Polypharmacy, taking multiple drugs, is becoming common and almost the norm for most psychiatric patients (Ghaemi, 2002). The popularity of polypharmacy is somewhat surprising since it is based on experience rather than evidence (Stahl, 2002) and there is general agreement that polypharmacy can interfere with optimal medication adherence (Murray & Kroenke, 2001) which may lead to limited treatment effectiveness and result in higher rates of relapse, hospitalization, and disability (Sajatovic, Velligan, Weiden, Valenstein, & Ogedegbe, 2010). The prevalence of polypharmacy in psychiatry varies by country and even within different mental health resources in one country and can also be influenced by differing definitions. Having defined polypharmacy as the use of two or more psychoactive medications to treat the same psychiatric condition (Kingsbury, Yi, & Simpson, 2001), in our catchment area in the Canary Islands, Spain, we found a 42% prevalence in a large sample of>2,500 psychiatric outpatients representing the population of the Community Mental Health Centers (with a mean number of different psychotropic drugs=1.63±0.93, range 1–7) (De las Cuevas & Sanz, 2004). Strikingly, the prevalence increases to 93% in>1,300 patients discharged from psychiatric hospitals to the same Community Mental Health Centers (3.3±1.3, range, 1–9) (De las Cuevas & Sanz, 2005).

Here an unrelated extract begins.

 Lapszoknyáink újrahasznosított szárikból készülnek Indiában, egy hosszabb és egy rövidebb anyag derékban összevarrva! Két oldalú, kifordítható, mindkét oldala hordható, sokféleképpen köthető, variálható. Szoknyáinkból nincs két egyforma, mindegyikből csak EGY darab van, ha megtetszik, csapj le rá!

There is no established gold standard method for measuring medication adherence; each method has pros and cons (Garfield, Clifford, Eliasson, Barber, & Willson, 2011; Williams, Amico, Bova, & Womack, 2013). Although self-reports tend to overestimate adherence behavior (Osterberg & Blaschke, 2005), the use of validated self-report questionnaires is the simplest and least expensive method of measuring adherence (Garfield et al., 2011; National Collaborating Centre for Primary Care, NICE, 2009). Moreover, self-report questionnaires provide actionable information to medical providers about patient medication-taking behavior (Stirratt et al., 2015) in clinical psychiatric settings.

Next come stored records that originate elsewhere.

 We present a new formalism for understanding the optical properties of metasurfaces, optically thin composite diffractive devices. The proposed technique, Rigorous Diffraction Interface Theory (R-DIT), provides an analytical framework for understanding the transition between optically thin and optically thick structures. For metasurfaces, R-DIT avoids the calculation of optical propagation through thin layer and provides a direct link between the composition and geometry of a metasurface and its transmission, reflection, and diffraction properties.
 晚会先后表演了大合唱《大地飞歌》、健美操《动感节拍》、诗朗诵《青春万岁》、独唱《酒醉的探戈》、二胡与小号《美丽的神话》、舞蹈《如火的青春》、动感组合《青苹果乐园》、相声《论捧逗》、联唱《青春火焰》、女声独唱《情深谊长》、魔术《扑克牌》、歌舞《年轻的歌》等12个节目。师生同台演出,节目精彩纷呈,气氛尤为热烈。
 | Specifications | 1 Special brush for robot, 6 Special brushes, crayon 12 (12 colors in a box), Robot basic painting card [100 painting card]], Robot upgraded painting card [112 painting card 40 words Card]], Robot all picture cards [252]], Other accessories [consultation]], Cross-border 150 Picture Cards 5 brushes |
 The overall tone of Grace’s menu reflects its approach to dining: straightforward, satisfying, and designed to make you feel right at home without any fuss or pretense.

In situations of polypharmacy, available self-report questionnaires for assessing medication adherence are hampered because they provide a measure of global adherence in each patient, but do not provide information about each individual drug taken by each patient. In our experience, this is a major problem, because our psychiatric patients appear to adhere differently to the various psychiatric medications prescribed to them and exhibit diverse medication-taking behaviors for the various drugs. Our experience is supported by the limited available information on medication adherence studies in non-psychiatric patients (Osterberg, Urquhart, & Blaschke, 2010; Viana et al., 2014).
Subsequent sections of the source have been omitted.